The US Nuclear Regulatory Commission (NRC) is facing protests after proposing that low-level radioactive waste be disposed of in commercial landfills not explicitly designed to hold it, rather than at licenced radioactive waste sites. The NRC’s proposal, issued in March, declares that the agency’s intent is to limit this deregulation to ‘very low level radioactive wastes’, but Public Employees for Environmental Responsibility (Peer) states that the actual proposal allows doses to the public equivalent to more than 900 chest x-rays over a lifetime, with a cancer risk 20 times higher than the upper end of the US Environmental Protection Agency’s acceptable risk range.

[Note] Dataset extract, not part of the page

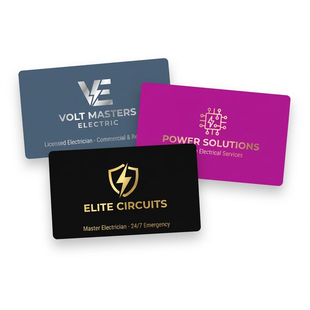 For construction sites and on-site work, matt cello or velvet lamination provides excellent protection from dirt, moisture, and frequent handling. These finishes keep your cards looking professional even after exposure to harsh work environments. Premium finishes like spot UV or raised foil convey professionalism. We recommend 400GSM or 450GSM card stock for maximum durability in demanding electrical work environments.
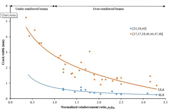 Relationships between crack width and normalized reinforcement ratio at SLS and ULS [,,,,,,,].

In addition, Peer – which is comprised of government scientists, land managers, environmental law enforcement agents and others – says that this NRC ‘interpretive rule’ would allow unlicenced radioactive waste dumps to expose the public to levels of radiation two-and-a-half times higher than that permitted for licensed low-level radioactive waste sites under current NRC regulations. ‘Under this plan, the public would never even know that radioactive waste is being dumped near them, because current requirements of public notice and opportunity for a hearing and independent review by an Atomic Safety and Licensing Board would no longer apply,’ stated Peer’s Pacific director, Jeff Ruch.

For its part, the NRC anticipates that its proposal would provide ‘an efficient means’ for it to issue specific exemptions for disposal, or for licensees to transfer appropriate material to these exempt facilities. Comments on the NRC’s proposal are due by 20 April.